### RECORDED INFORMATION

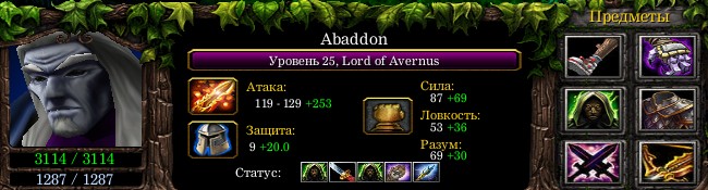 Он повышает свою стойкость с помощьющита тёмной силы, или же, используя своё здоровье, помогает союзникам в битве. Abaddon командует армией нежити,
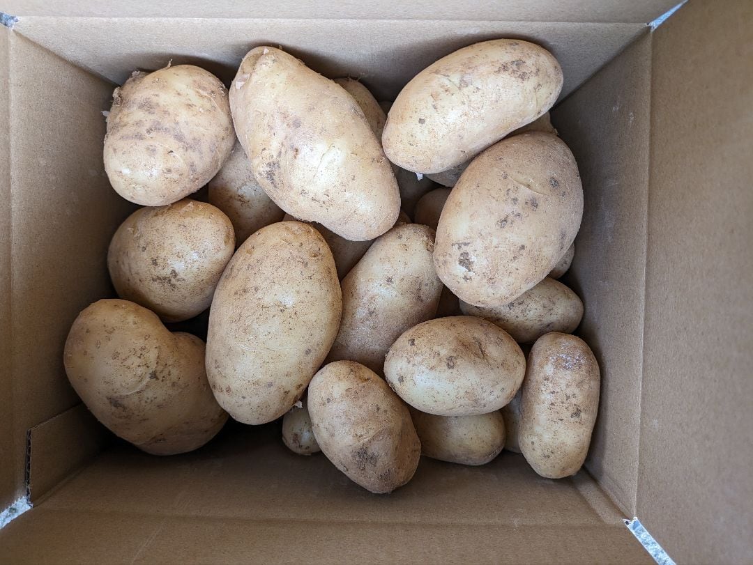畑で採れたてのジャガイモを選んで箱詰めしています
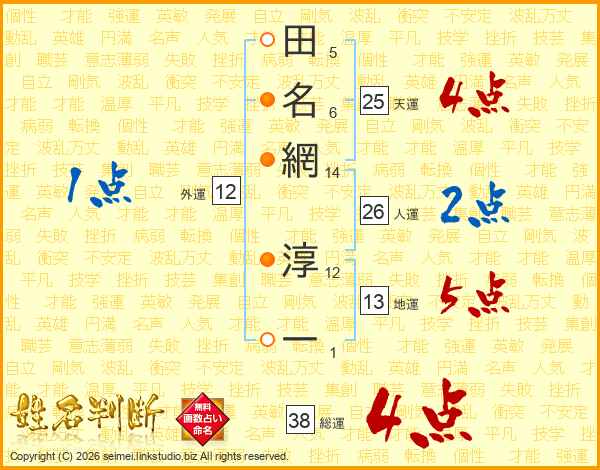 田名網淳一さんの天運は25画の4点!
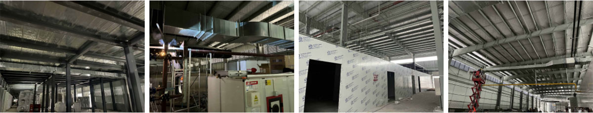 2024-3-30湖北旺丰辉食品有限公司厂房装修现场:风管安装
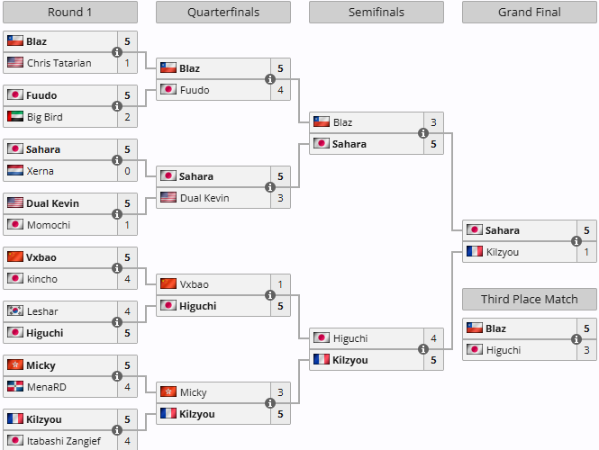 У плей-оф Sahara продемонстрував стабільний результат, перемігши у чвертьфіналі Xerna (5:0), у півфіналі — Blaz (5:3), і завершивши виступ перемогою над Kilzyou у фіналі. У матчі за третє місце чилієць Blaz переміг японця Higuchi з рахунком 5:3.
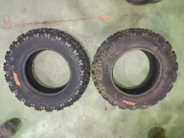 Par de cubiertas para quad marca SUNF. - Medida 22x7-10. - Diseño de tacos para tracción en terrenos variados.
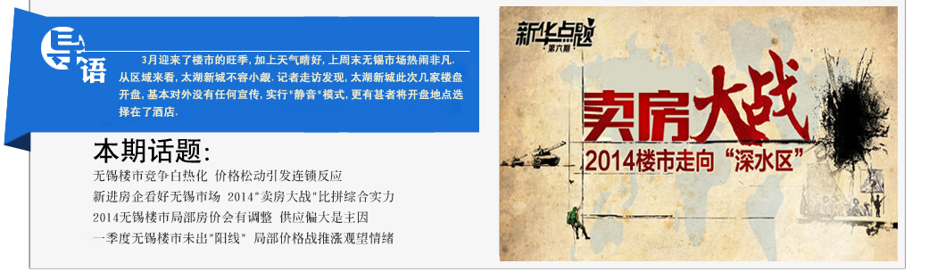 3月迎來了樓市的旺季,加上天氣晴好,上周末無錫市場熱鬧非凡。從區(qū)域來看,本周末太湖新城不容小覷,萬科信成道、綠城玉蘭花園、蘇寧悅城等樓盤均有開盤加推動作。記者走訪發(fā)現(xiàn),太湖新城此次幾家樓盤開盤,基本對外沒有任何宣傳,實(shí)行“靜音”模式,更有甚者將開盤地點(diǎn)選擇在了酒店。
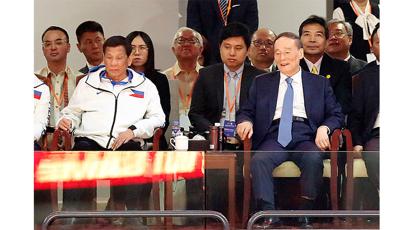 8月31日,中國國家副主席王岐山在佛山會見菲律賓總統杜特爾特。會後,王岐山與杜特爾特一同觀看了菲律賓隊與意大利隊的比賽。(中新社圖片/韓海丹 攝)
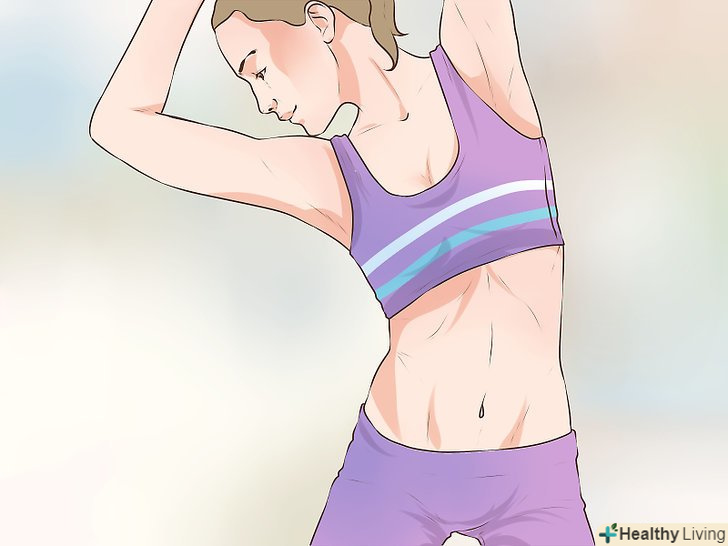 Спробуйте нахили в сторони.хоча неможливо скинути жир в окремому місці тіла, деякі вправи розраховані на область живота. Нахили в сторони збільшують приплив крові до живота, що підвищує рівень кисню і допомагає наростити м'язи на цій ділянці тіла. Крім того, дана вправа допомагає зміцнити все тіло, воно підвищує ефективність тренувань і робить їх менш виснажливими.[6]- Нахиліться в одну сторону і підніміть при цьому протилежну руку над головою. Потім нахиліться в іншу сторону і підніміть над головою другу руку. Робіть по 10 нахилів в кожну сторону. Багато хто використовує при цьому обтяження, однак це не дуже добре для м'язів і може привести до потовщення талії через їх зростання.[7]
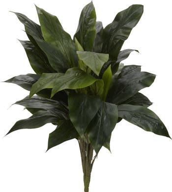 Several small stems rise to reveal rich green leaves that curve outward with this artificial green cordyline plant. Lifelike in appearance, the dark foliage of this plant can add a depth of color to any room's arrangement, especially in a minimalist, white theme living room. Place this plant in a silver vase and sit atop a small table next to a love seat or couch for a polished look. Arrives with three individual plants.
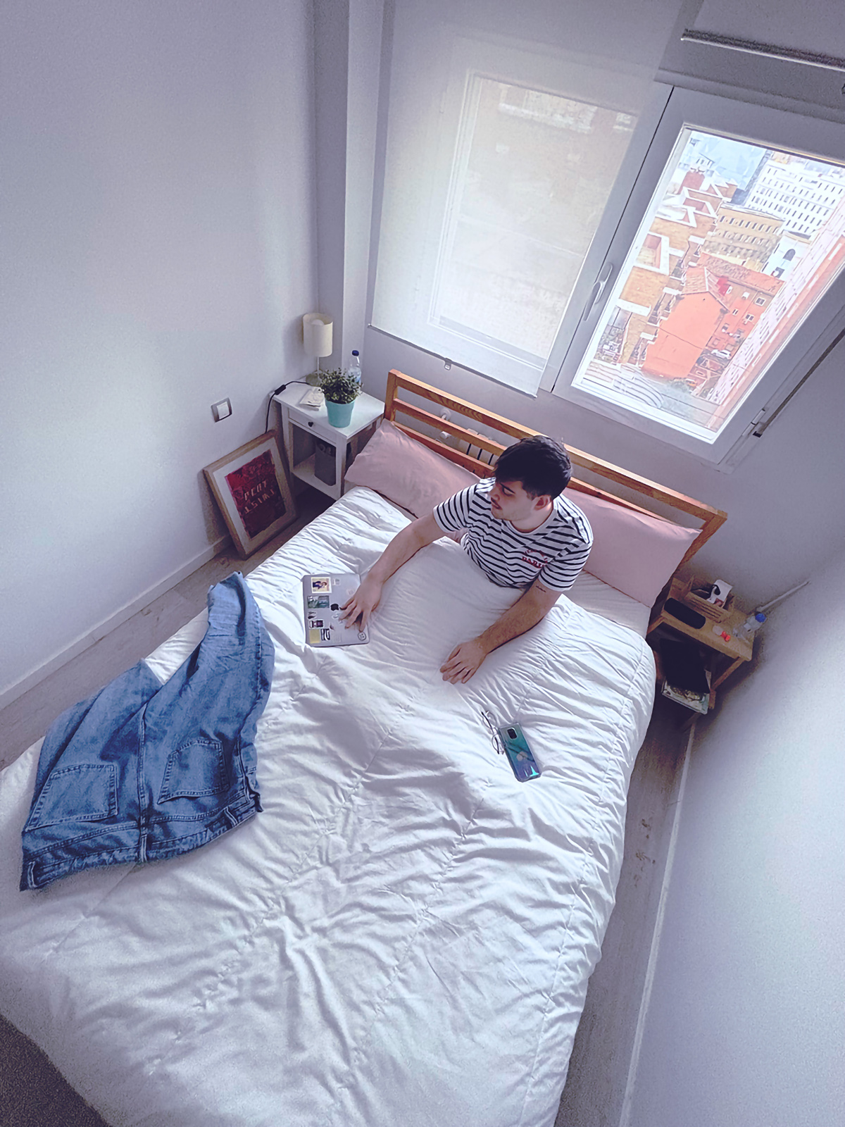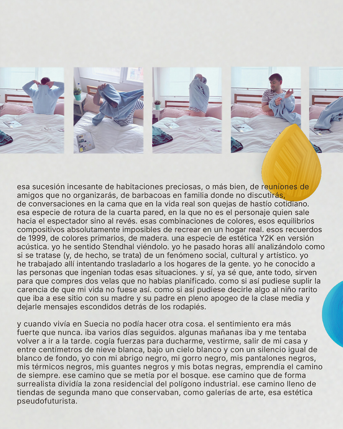 “Una tarde de verano. Estoy encajado entre el día y la noche. Entre un curso y el otro. Tumbado en mi habitación, pensando en todo lo que ha pasado este año, y en si el próximo traerá algo nuevo, algo que pinche la burbuja de la gente que me conoce y que cuchichea sobre mí. Algo, o quizá alguien. Tener 16 años es estar encajado entre una infancia nostálgica y una adultez incierta. Ser queer en el instituto significa ser privado de las historias de amor de todo el mundo. Estar solo significa estar aburrido. Soñar con una vida diferente. En California, montando una banda con amigos en el garaje. Cojo la bici y subo la cuesta. Después es cuesta abajo. Y cuesta arriba otra vez. Y de nuevo estoy encajado entre la cuesta abajo y la cuesta arriba. Solo puedo subir empujando. Pero este sol de verano en Madrid me da algo de energía.”
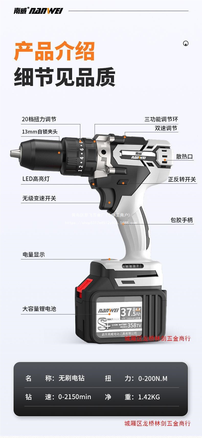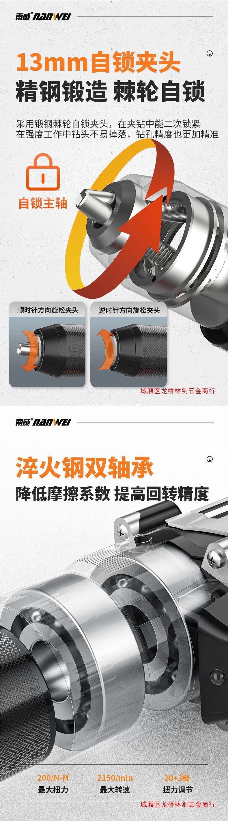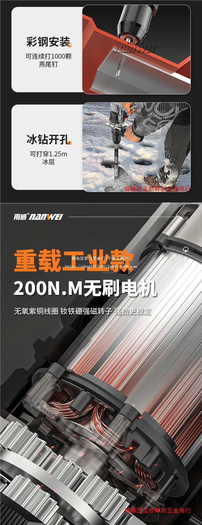 Nanwei 고출력 브러시리스 리튬 배터리 드릴 충전식 드릴 가정용 충전식 핸드 건 드릴 손 전기 드릴 충격 드릴 턴 |
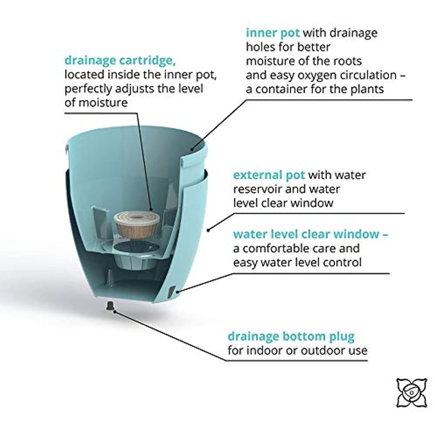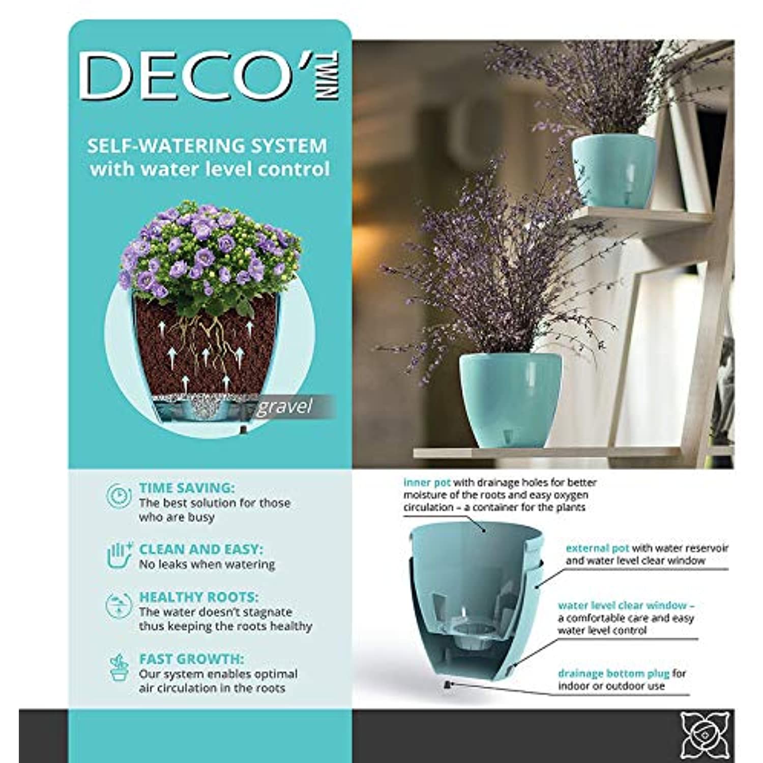 With the Santino Deco 8.8 in. Self-Watering Planter, you can fill the self-watering reservoir and take a vacation from gardening for up to four weeks. Perfect for busy people, this planter maintains root health by allowing proper drainage to occur within the leak-free pot. UV-stabilized, durable plastic is offered in several color options. Great for indoor or outdoor use. Dimensions: 8.8 diam. x 7.5H in.. Constructed from plastic. Select from available color options. Built-in reservoir self-waters plants. Use indoors and outdoors. 1.4 gallon capacity with 18 oz. reservoir. UV stabilized, durable, and reusable. Draws water up to 4 weeks and circulates oxygen.
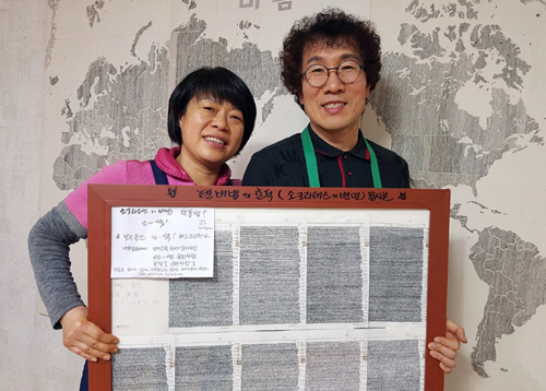 | ‘세서미각의 달인’ 유비빔(오른쪽)·김연수씨 부부가 271쪽의 분량의 ‘소크라테스의 변명’을 다이어리 9쪽에 옮겨 적은 것을 들어보이고 있다. 김동욱 기자 |
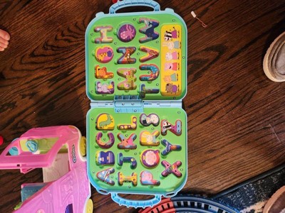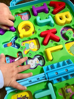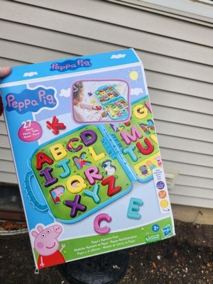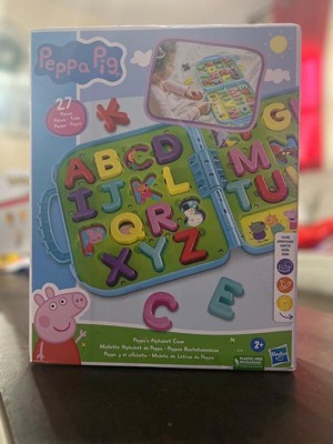 P is for Peppa Pig! When kids are little and still learning, toys like Peppa's Alphabet Case can help them explore letters, colors, and more! Underneath each letter is a picture of something from Peppa's world, so parents can help preschoolers practice matching letters with sounds, naming colors, and even spelling simple words in the window. Little piggies can work on honing their fine motor skills as they fit the 26 letter pieces into the puzzle. This interactive alphabet puzzle toy comes in a cute carrying case so your child can have fun learning letters with their favorite Peppa Pig friends on the go! Peppa Pig toys make wonderful gifts for girls and boys 3 years old and up.

######

TRY IT. Copy every line of the data exactly as written, excluding the pictures.

RESPONSE TO THE TASK.
 Он повышает свою стойкость с помощьющита тёмной силы, или же, используя своё здоровье, помогает союзникам в битве. Abaddon командует армией нежити,
畑で採れたてのジャガイモを選んで箱詰めしています
 田名網淳一さんの天運は25画の4点!
 2024-3-30湖北旺丰辉食品有限公司厂房装修现场:风管安装
 У плей-оф Sahara продемонстрував стабільний результат, перемігши у чвертьфіналі Xerna (5:0), у півфіналі — Blaz (5:3), і завершивши виступ перемогою над Kilzyou у фіналі. У матчі за третє місце чилієць Blaz переміг японця Higuchi з рахунком 5:3.
 Par de cubiertas para quad marca SUNF. - Medida 22x7-10. - Diseño de tacos para tracción en terrenos variados.
 3月迎來了樓市的旺季,加上天氣晴好,上周末無錫市場熱鬧非凡。從區(qū)域來看,本周末太湖新城不容小覷,萬科信成道、綠城玉蘭花園、蘇寧悅城等樓盤均有開盤加推動作。記者走訪發(fā)現(xiàn),太湖新城此次幾家樓盤開盤,基本對外沒有任何宣傳,實(shí)行“靜音”模式,更有甚者將開盤地點(diǎn)選擇在了酒店。
 8月31日,中國國家副主席王岐山在佛山會見菲律賓總統杜特爾特。會後,王岐山與杜特爾特一同觀看了菲律賓隊與意大利隊的比賽。(中新社圖片/韓海丹 攝)
 Спробуйте нахили в сторони.хоча неможливо скинути жир в окремому місці тіла, деякі вправи розраховані на область живота. Нахили в сторони збільшують приплив крові до живота, що підвищує рівень кисню і допомагає наростити м'язи на цій ділянці тіла. Крім того, дана вправа допомагає зміцнити все тіло, воно підвищує ефективність тренувань і робить їх менш виснажливими.[6]- Нахиліться в одну сторону і підніміть при цьому протилежну руку над головою. Потім нахиліться в іншу сторону і підніміть над головою другу руку. Робіть по 10 нахилів в кожну сторону. Багато хто використовує при цьому обтяження, однак це не дуже добре для м'язів і може привести до потовщення талії через їх зростання.[7]
 Several small stems rise to reveal rich green leaves that curve outward with this artificial green cordyline plant. Lifelike in appearance, the dark foliage of this plant can add a depth of color to any room's arrangement, especially in a minimalist, white theme living room. Place this plant in a silver vase and sit atop a small table next to a love seat or couch for a polished look. Arrives with three individual plants.
 “Una tarde de verano. Estoy encajado entre el día y la noche. Entre un curso y el otro. Tumbado en mi habitación, pensando en todo lo que ha pasado este año, y en si el próximo traerá algo nuevo, algo que pinche la burbuja de la gente que me conoce y que cuchichea sobre mí. Algo, o quizá alguien. Tener 16 años es estar encajado entre una infancia nostálgica y una adultez incierta. Ser queer en el instituto significa ser privado de las historias de amor de todo el mundo. Estar solo significa estar aburrido. Soñar con una vida diferente. En California, montando una banda con amigos en el garaje. Cojo la bici y subo la cuesta. Después es cuesta abajo. Y cuesta arriba otra vez. Y de nuevo estoy encajado entre la cuesta abajo y la cuesta arriba. Solo puedo subir empujando. Pero este sol de verano en Madrid me da algo de energía.”
 Nanwei 고출력 브러시리스 리튬 배터리 드릴 충전식 드릴 가정용 충전식 핸드 건 드릴 손 전기 드릴 충격 드릴 턴 |
 With the Santino Deco 8.8 in. Self-Watering Planter, you can fill the self-watering reservoir and take a vacation from gardening for up to four weeks. Perfect for busy people, this planter maintains root health by allowing proper drainage to occur within the leak-free pot. UV-stabilized, durable plastic is offered in several color options. Great for indoor or outdoor use. Dimensions: 8.8 diam. x 7.5H in.. Constructed from plastic. Select from available color options. Built-in reservoir self-waters plants. Use indoors and outdoors. 1.4 gallon capacity with 18 oz. reservoir. UV stabilized, durable, and reusable. Draws water up to 4 weeks and circulates oxygen.
 | ‘세서미각의 달인’ 유비빔(오른쪽)·김연수씨 부부가 271쪽의 분량의 ‘소크라테스의 변명’을 다이어리 9쪽에 옮겨 적은 것을 들어보이고 있다. 김동욱 기자 |
 P is for Peppa Pig! When kids are little and still learning, toys like Peppa's Alphabet Case can help them explore letters, colors, and more! Underneath each letter is a picture of something from Peppa's world, so parents can help preschoolers practice matching letters with sounds, naming colors, and even spelling simple words in the window. Little piggies can work on honing their fine motor skills as they fit the 26 letter pieces into the puzzle. This interactive alphabet puzzle toy comes in a cute carrying case so your child can have fun learning letters with their favorite Peppa Pig friends on the go! Peppa Pig toys make wonderful gifts for girls and boys 3 years old and up.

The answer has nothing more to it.